*** Begin section ***
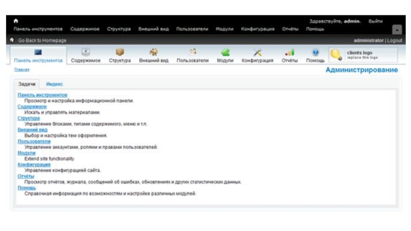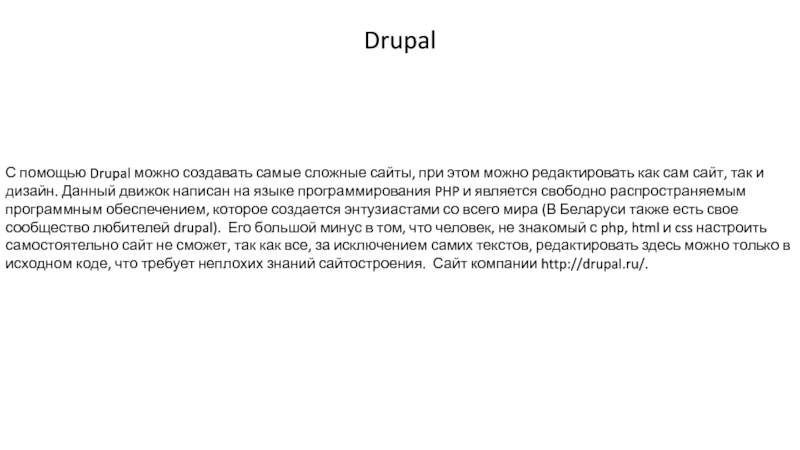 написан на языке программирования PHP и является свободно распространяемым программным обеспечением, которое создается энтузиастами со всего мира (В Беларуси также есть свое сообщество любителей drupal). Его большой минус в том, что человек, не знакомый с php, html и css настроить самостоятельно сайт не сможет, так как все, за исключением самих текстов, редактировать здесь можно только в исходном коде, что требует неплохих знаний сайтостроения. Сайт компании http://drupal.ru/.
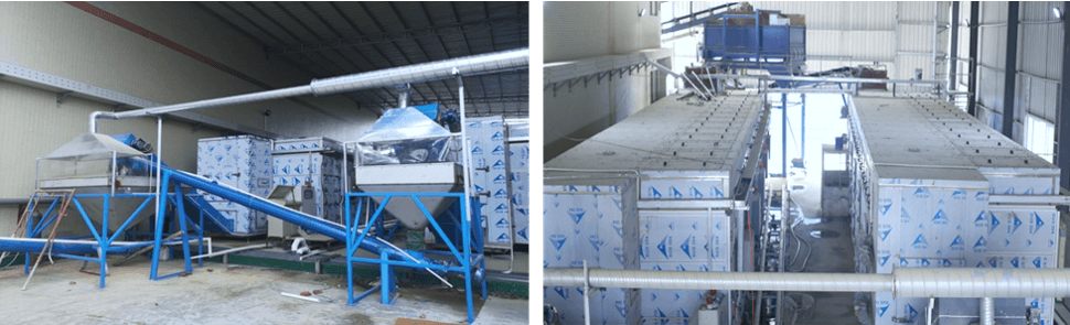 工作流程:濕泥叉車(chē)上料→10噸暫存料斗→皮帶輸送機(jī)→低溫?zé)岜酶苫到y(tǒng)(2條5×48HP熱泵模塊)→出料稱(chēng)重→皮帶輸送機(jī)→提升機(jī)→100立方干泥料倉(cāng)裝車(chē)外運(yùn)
*** End section ***
*** Begin section ***
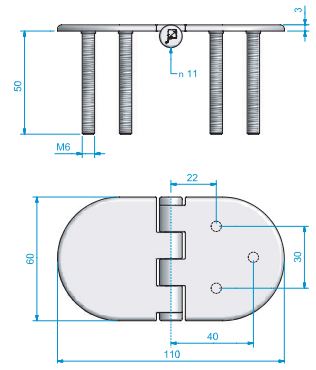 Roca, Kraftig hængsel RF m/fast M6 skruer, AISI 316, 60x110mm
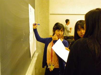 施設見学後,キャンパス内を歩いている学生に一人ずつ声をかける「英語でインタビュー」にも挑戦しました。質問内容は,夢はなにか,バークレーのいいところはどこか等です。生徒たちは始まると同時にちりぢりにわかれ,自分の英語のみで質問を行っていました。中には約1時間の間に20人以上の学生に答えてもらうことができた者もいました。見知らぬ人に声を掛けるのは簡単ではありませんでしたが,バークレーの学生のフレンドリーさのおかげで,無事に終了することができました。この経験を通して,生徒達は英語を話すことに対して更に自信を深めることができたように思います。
*** End section ***
*** Begin section ***
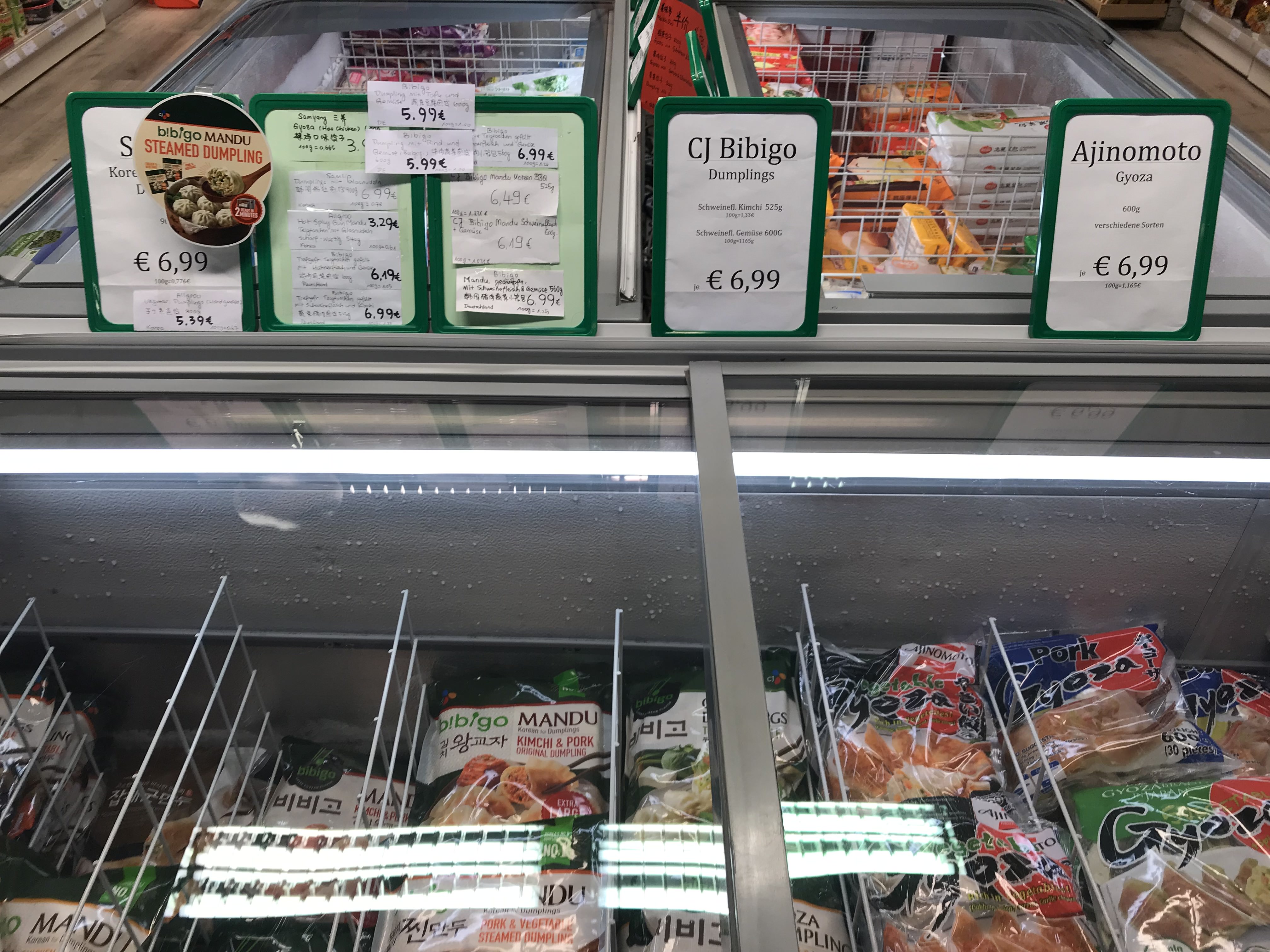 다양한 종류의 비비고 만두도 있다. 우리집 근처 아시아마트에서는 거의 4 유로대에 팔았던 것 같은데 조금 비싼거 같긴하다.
*** End section ***
### REQUIREMENT
Could you write out exactly the lines of the data above that run from the one holding "Roca, Kraftig hængsel" to the one holding "施設見学後,キャンパス内を歩", with both ends in and all pictures out?

### ANSWER FOR THE TASK
 Roca, Kraftig hængsel RF m/fast M6 skruer, AISI 316, 60x110mm
 施設見学後,キャンパス内を歩いている学生に一人ずつ声をかける「英語でインタビュー」にも挑戦しました。質問内容は,夢はなにか,バークレーのいいところはどこか等です。生徒たちは始まると同時にちりぢりにわかれ,自分の英語のみで質問を行っていました。中には約1時間の間に20人以上の学生に答えてもらうことができた者もいました。見知らぬ人に声を掛けるのは簡単ではありませんでしたが,バークレーの学生のフレンドリーさのおかげで,無事に終了することができました。この経験を通して,生徒達は英語を話すことに対して更に自信を深めることができたように思います。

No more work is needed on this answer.